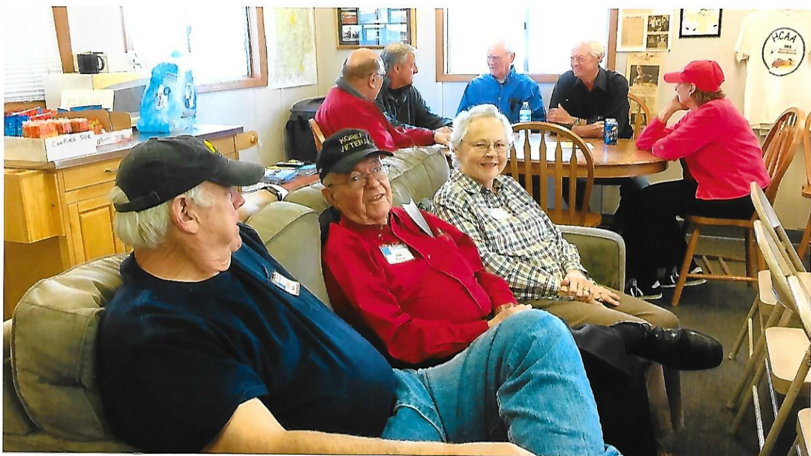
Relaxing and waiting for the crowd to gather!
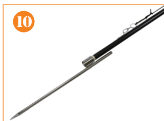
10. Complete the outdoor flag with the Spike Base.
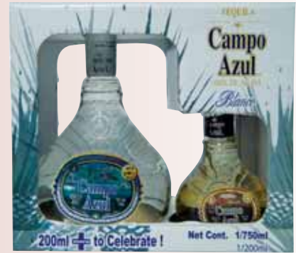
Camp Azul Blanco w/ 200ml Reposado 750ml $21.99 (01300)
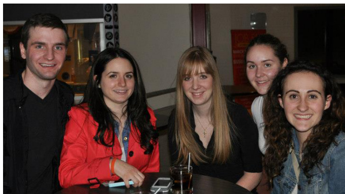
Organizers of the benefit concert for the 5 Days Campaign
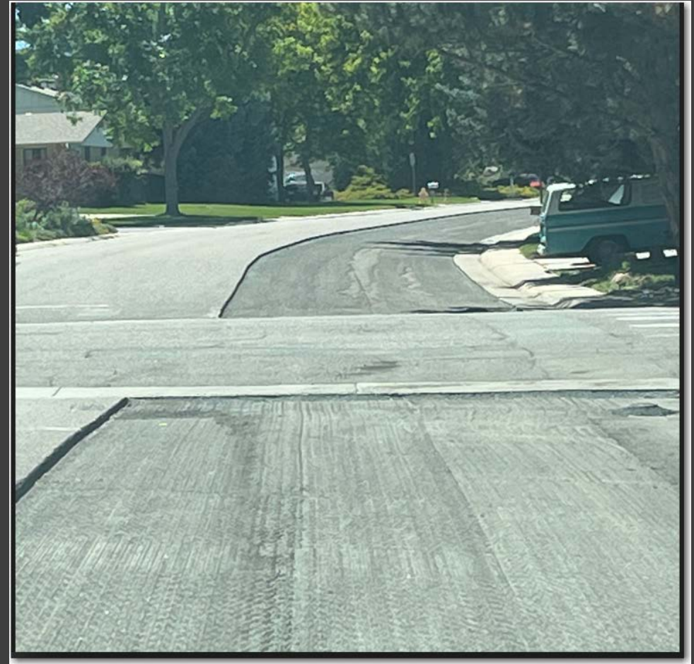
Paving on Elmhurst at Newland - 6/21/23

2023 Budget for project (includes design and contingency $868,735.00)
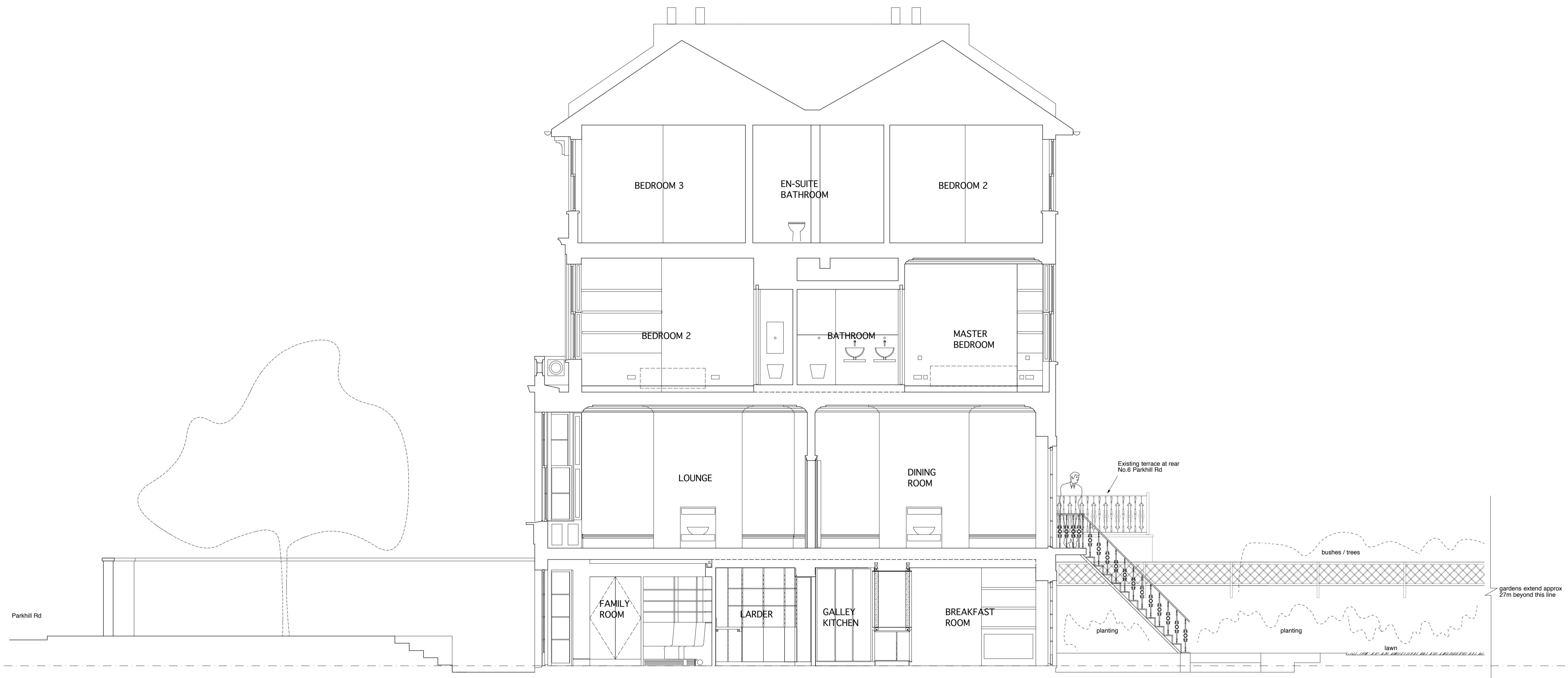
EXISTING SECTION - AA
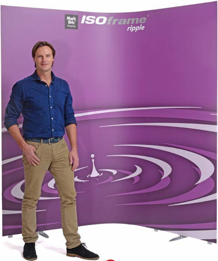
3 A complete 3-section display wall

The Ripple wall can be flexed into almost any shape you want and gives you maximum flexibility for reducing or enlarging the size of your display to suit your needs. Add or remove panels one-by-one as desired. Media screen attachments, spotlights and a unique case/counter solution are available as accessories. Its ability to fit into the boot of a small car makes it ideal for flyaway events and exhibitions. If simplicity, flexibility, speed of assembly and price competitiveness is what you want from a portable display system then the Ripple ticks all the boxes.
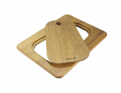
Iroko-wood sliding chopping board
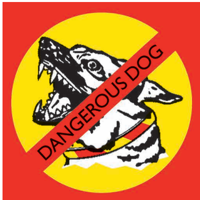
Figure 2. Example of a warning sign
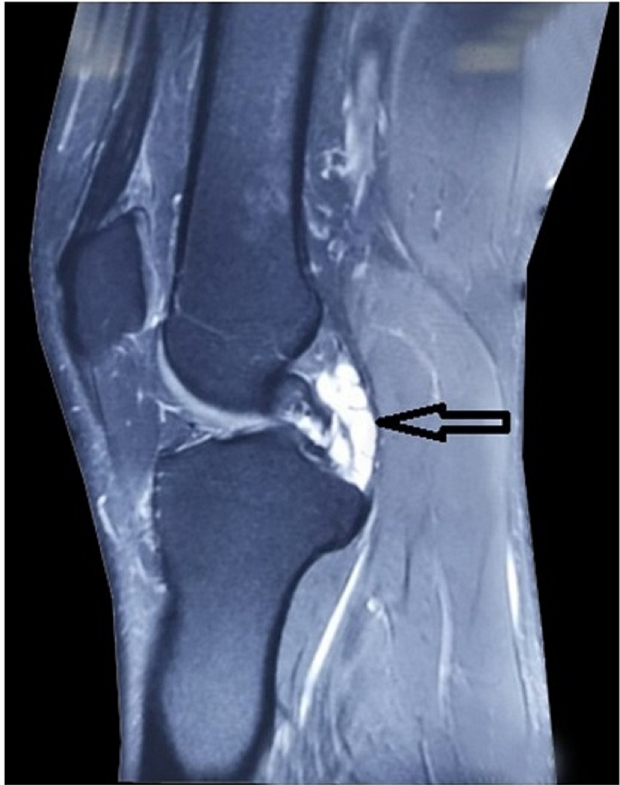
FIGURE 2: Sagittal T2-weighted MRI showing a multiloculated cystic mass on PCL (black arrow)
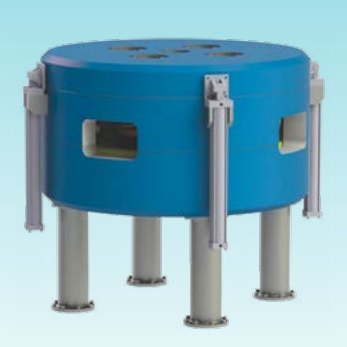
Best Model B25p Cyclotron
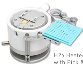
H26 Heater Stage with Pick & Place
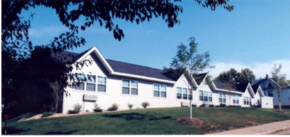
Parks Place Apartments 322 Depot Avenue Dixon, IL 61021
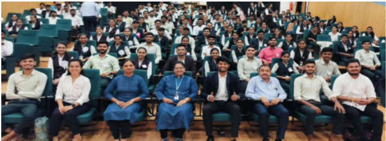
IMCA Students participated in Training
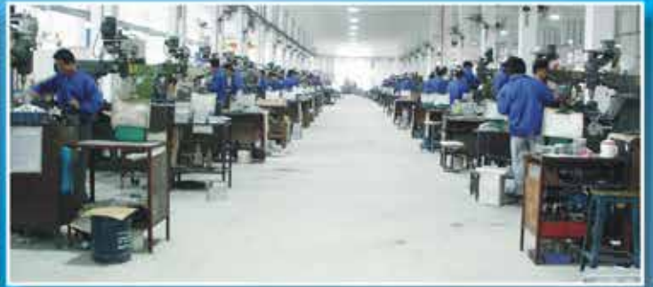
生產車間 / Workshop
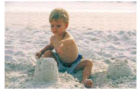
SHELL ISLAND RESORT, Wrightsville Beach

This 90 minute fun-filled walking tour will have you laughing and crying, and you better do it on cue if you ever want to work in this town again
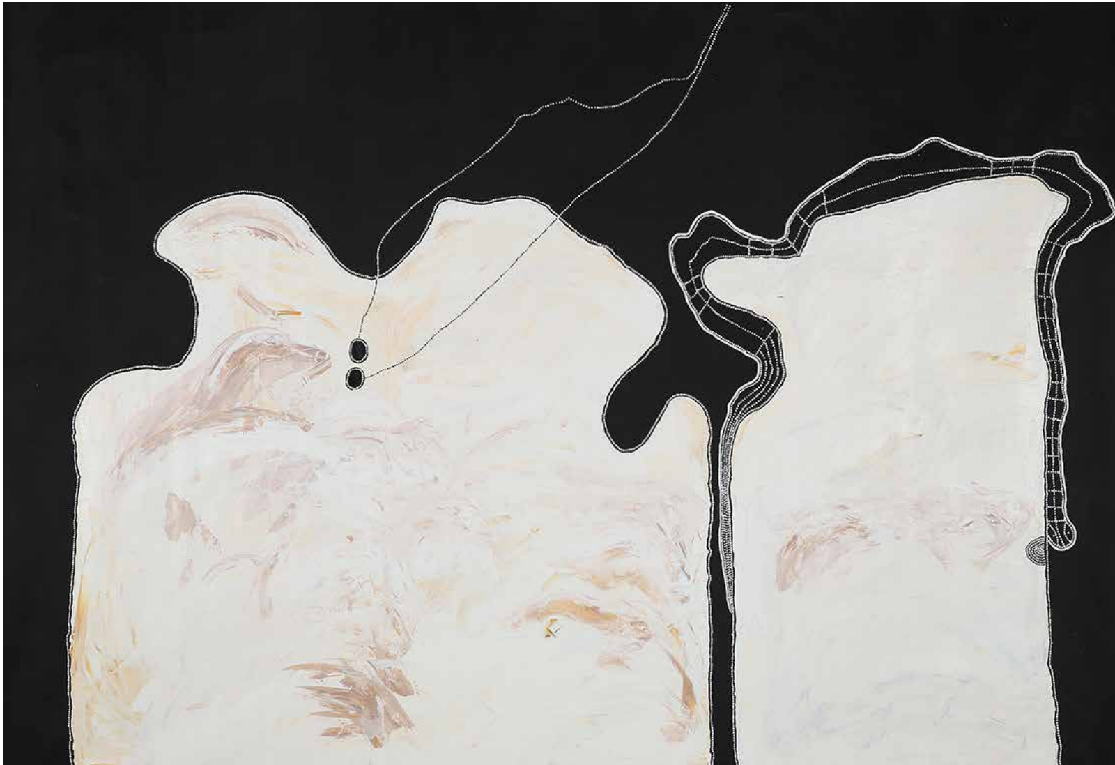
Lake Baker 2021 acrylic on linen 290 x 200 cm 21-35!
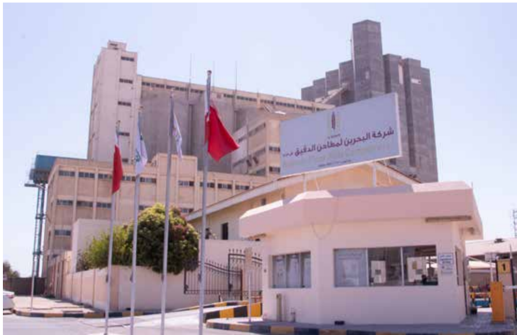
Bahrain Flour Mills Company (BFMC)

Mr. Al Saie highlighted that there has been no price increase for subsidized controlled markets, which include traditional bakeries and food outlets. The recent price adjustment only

[Task details] Set the entire listing down again, exact in every line, without any pictures.

[Response to the exercise]
Relaxing and waiting for the crowd to gather!
10. Complete the outdoor flag with the Spike Base.
Camp Azul Blanco w/ 200ml Reposado 750ml $21.99 (01300)
Organizers of the benefit concert for the 5 Days Campaign
Paving on Elmhurst at Newland - 6/21/23

2023 Budget for project (includes design and contingency $868,735.00)
EXISTING SECTION - AA
3 A complete 3-section display wall

The Ripple wall can be flexed into almost any shape you want and gives you maximum flexibility for reducing or enlarging the size of your display to suit your needs. Add or remove panels one-by-one as desired. Media screen attachments, spotlights and a unique case/counter solution are available as accessories. Its ability to fit into the boot of a small car makes it ideal for flyaway events and exhibitions. If simplicity, flexibility, speed of assembly and price competitiveness is what you want from a portable display system then the Ripple ticks all the boxes.
Iroko-wood sliding chopping board
Figure 2. Example of a warning sign
FIGURE 2: Sagittal T2-weighted MRI showing a multiloculated cystic mass on PCL (black arrow)
Best Model B25p Cyclotron
H26 Heater Stage with Pick & Place
Parks Place Apartments 322 Depot Avenue Dixon, IL 61021
IMCA Students participated in Training
生產車間 / Workshop
SHELL ISLAND RESORT, Wrightsville Beach

This 90 minute fun-filled walking tour will have you laughing and crying, and you better do it on cue if you ever want to work in this town again
Lake Baker 2021 acrylic on linen 290 x 200 cm 21-35!
Bahrain Flour Mills Company (BFMC)

Mr. Al Saie highlighted that there has been no price increase for subsidized controlled markets, which include traditional bakeries and food outlets. The recent price adjustment only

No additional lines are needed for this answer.